What to produce » These records contain pictures, which must be left out; copy exactly the lines from the one with "雅安市交通建設(shè)(集" up to and including the one with "Metaphorical dialogue and".

Data for this task »

▬▬▬▬▬▬▬▬▬▬

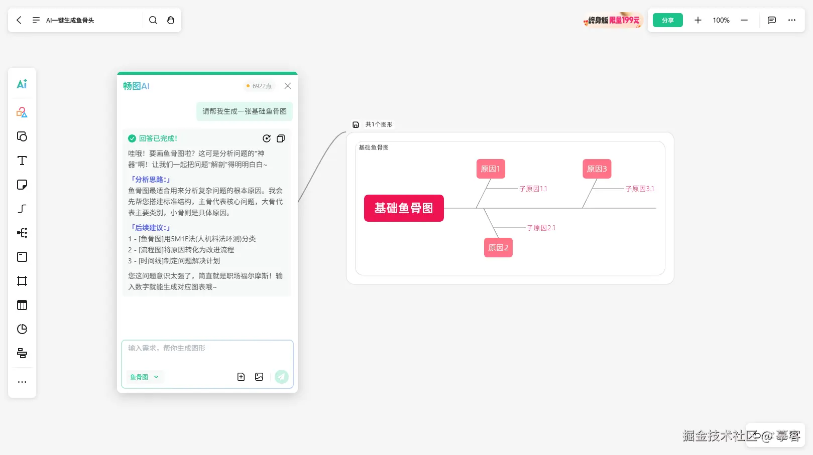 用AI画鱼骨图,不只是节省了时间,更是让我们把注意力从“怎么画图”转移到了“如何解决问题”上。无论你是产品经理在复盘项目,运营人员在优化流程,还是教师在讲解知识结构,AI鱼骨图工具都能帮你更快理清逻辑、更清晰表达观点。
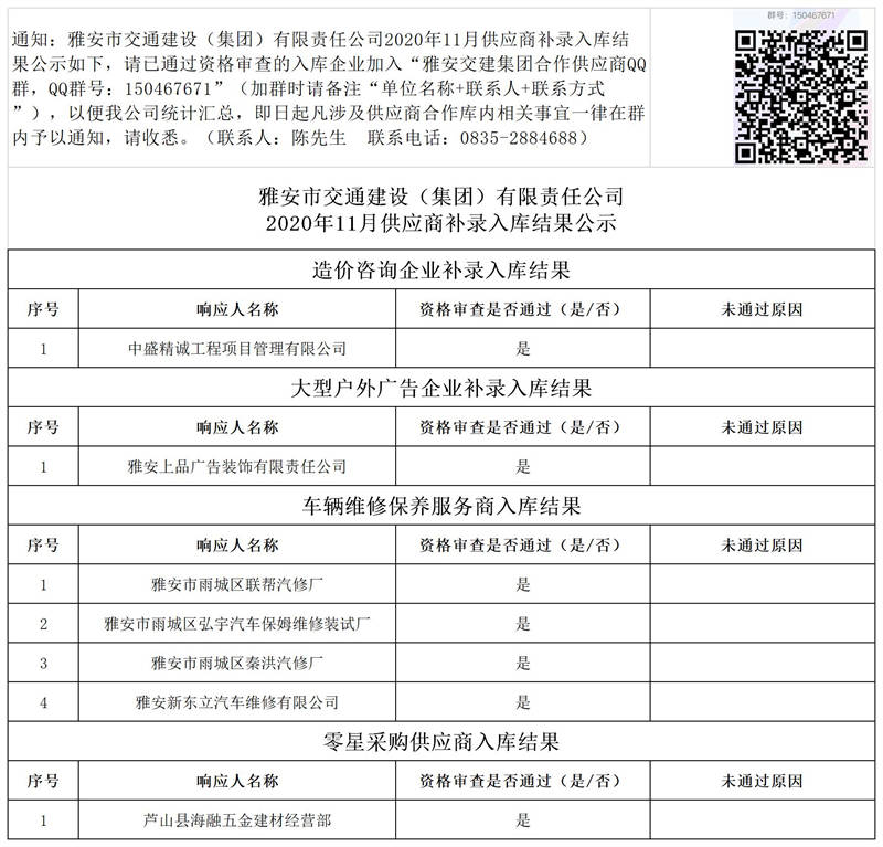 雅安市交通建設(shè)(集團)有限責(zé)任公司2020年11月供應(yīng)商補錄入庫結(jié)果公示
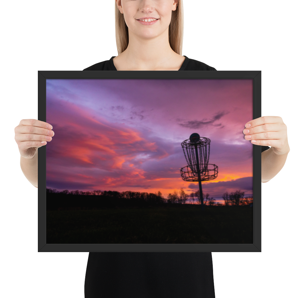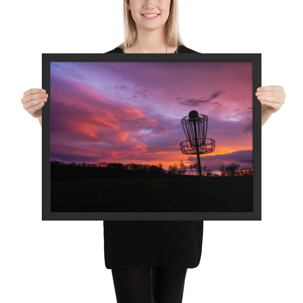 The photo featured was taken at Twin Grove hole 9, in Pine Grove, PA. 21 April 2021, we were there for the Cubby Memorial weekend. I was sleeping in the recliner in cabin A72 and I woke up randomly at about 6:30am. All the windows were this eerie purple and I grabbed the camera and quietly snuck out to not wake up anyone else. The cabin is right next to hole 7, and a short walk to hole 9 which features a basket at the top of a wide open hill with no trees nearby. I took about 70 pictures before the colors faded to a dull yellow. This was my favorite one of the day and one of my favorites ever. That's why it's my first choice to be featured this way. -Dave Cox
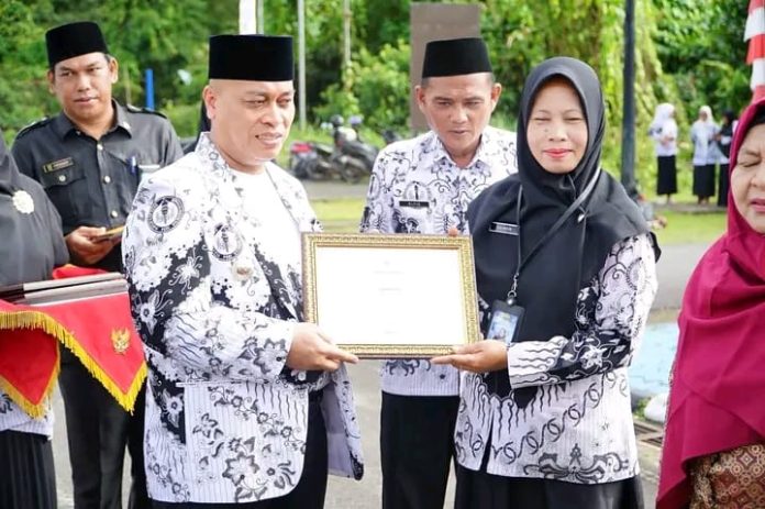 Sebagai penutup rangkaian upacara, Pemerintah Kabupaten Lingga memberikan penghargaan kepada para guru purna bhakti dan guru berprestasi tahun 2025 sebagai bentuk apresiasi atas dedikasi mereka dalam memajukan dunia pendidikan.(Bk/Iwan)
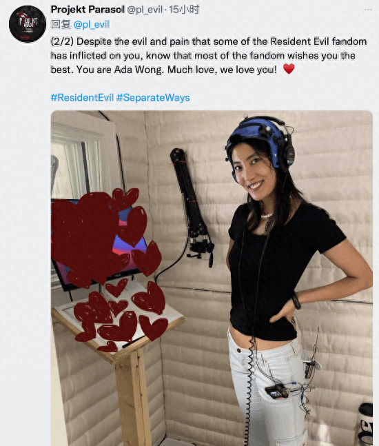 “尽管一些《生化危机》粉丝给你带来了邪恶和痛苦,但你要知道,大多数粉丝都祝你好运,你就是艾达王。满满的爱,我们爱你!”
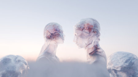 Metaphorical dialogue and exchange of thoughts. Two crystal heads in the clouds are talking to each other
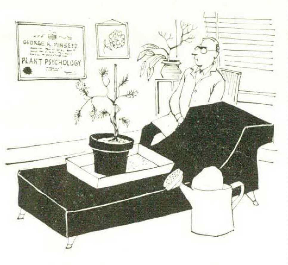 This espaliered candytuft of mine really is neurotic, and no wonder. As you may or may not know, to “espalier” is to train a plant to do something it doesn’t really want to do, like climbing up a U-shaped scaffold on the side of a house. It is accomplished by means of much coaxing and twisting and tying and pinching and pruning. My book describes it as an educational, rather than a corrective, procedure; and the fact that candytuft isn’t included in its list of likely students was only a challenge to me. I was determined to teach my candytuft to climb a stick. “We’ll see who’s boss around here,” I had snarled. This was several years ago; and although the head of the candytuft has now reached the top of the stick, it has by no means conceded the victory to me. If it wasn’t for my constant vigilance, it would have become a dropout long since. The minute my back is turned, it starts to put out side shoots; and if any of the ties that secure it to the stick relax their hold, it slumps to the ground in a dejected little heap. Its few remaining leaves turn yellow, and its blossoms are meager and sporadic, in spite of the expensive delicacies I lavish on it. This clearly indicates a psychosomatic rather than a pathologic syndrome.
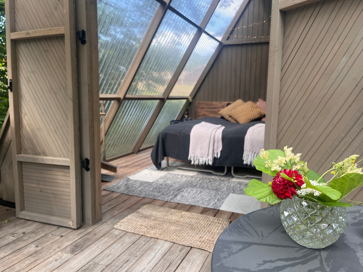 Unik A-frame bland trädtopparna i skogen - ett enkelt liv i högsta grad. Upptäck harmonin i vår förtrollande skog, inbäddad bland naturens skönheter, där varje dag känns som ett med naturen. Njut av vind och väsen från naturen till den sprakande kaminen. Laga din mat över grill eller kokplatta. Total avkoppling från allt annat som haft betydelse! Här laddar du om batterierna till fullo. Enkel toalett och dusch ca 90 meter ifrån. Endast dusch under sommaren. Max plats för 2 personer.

▬▬▬▬▬▬▬▬▬▬

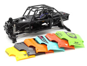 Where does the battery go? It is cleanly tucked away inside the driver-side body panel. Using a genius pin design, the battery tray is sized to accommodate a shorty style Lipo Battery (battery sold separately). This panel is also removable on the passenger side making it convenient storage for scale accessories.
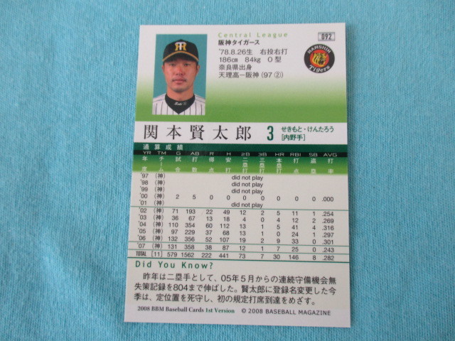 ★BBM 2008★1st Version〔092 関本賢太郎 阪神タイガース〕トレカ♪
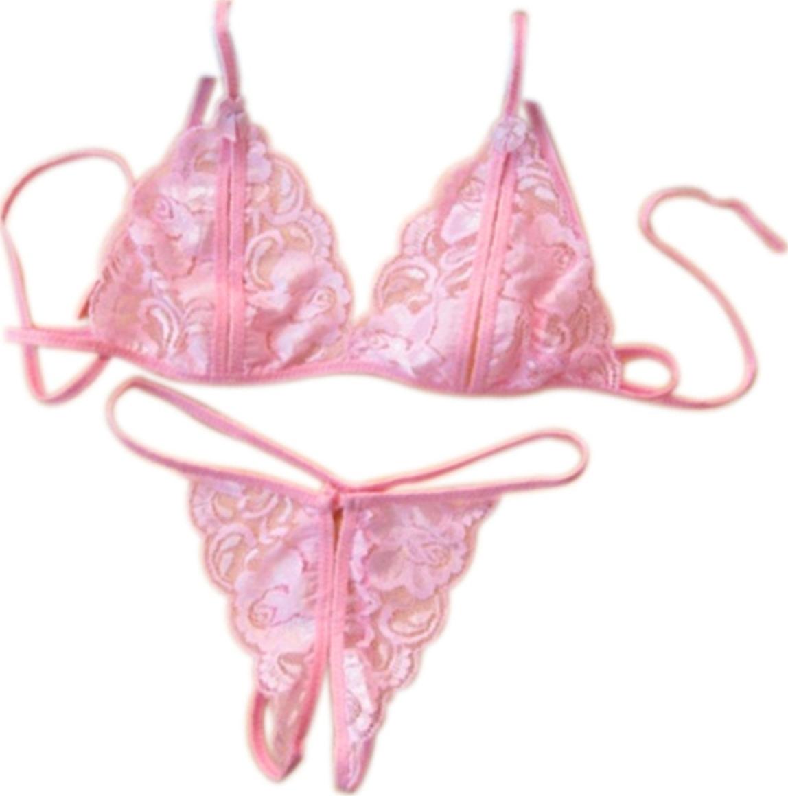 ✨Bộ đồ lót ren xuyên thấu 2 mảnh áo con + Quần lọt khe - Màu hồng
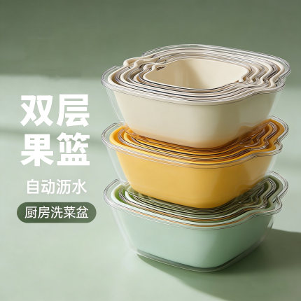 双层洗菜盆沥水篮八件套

▬▬▬▬▬▬▬▬▬▬

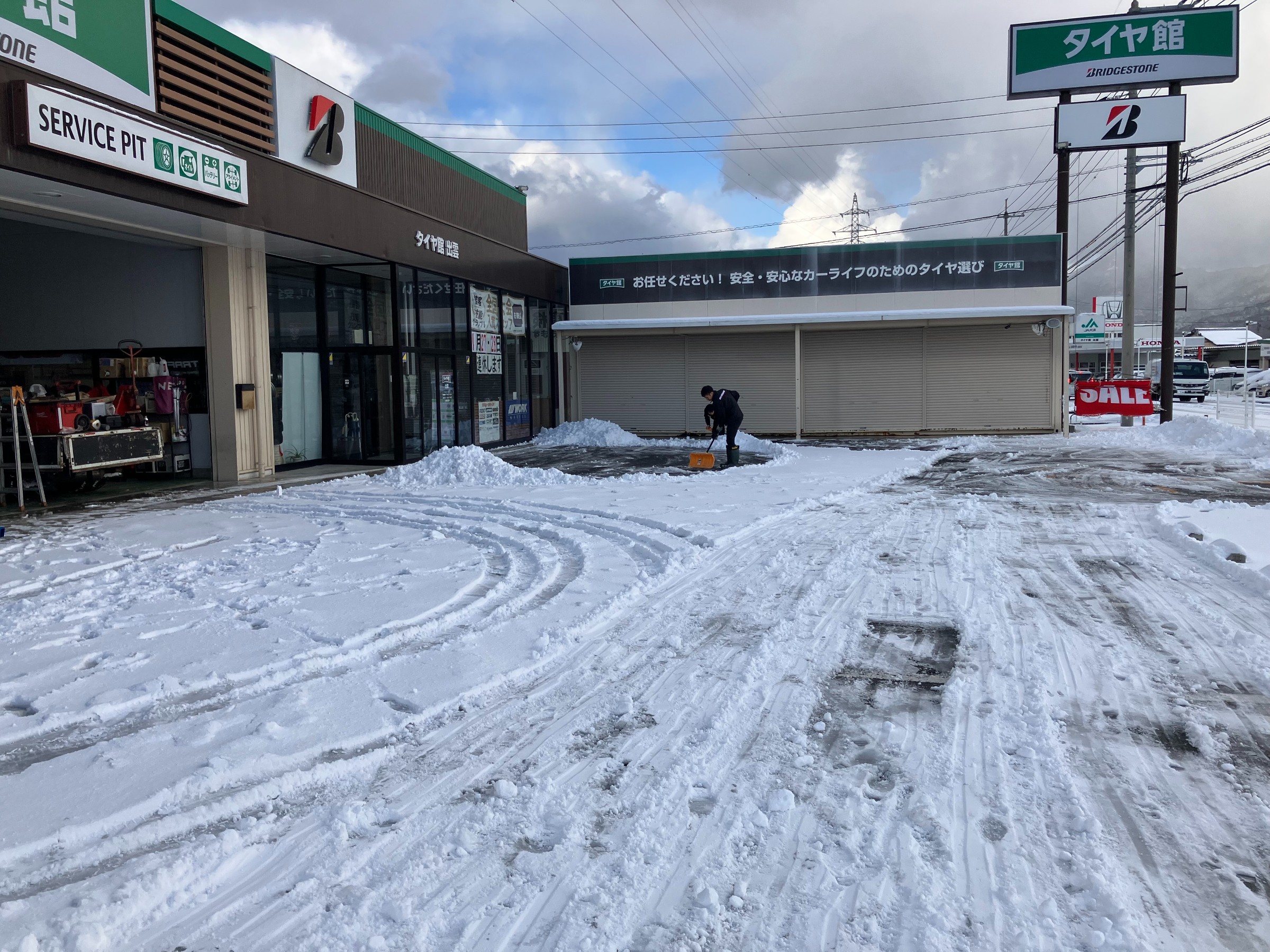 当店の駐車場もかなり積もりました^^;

▬▬▬▬▬▬▬▬▬▬

Response box »
 雅安市交通建設(shè)(集團)有限責(zé)任公司2020年11月供應(yīng)商補錄入庫結(jié)果公示
 The photo featured was taken at Twin Grove hole 9, in Pine Grove, PA. 21 April 2021, we were there for the Cubby Memorial weekend. I was sleeping in the recliner in cabin A72 and I woke up randomly at about 6:30am. All the windows were this eerie purple and I grabbed the camera and quietly snuck out to not wake up anyone else. The cabin is right next to hole 7, and a short walk to hole 9 which features a basket at the top of a wide open hill with no trees nearby. I took about 70 pictures before the colors faded to a dull yellow. This was my favorite one of the day and one of my favorites ever. That's why it's my first choice to be featured this way. -Dave Cox
 Sebagai penutup rangkaian upacara, Pemerintah Kabupaten Lingga memberikan penghargaan kepada para guru purna bhakti dan guru berprestasi tahun 2025 sebagai bentuk apresiasi atas dedikasi mereka dalam memajukan dunia pendidikan.(Bk/Iwan)
 “尽管一些《生化危机》粉丝给你带来了邪恶和痛苦,但你要知道,大多数粉丝都祝你好运,你就是艾达王。满满的爱,我们爱你!”
 Metaphorical dialogue and exchange of thoughts. Two crystal heads in the clouds are talking to each other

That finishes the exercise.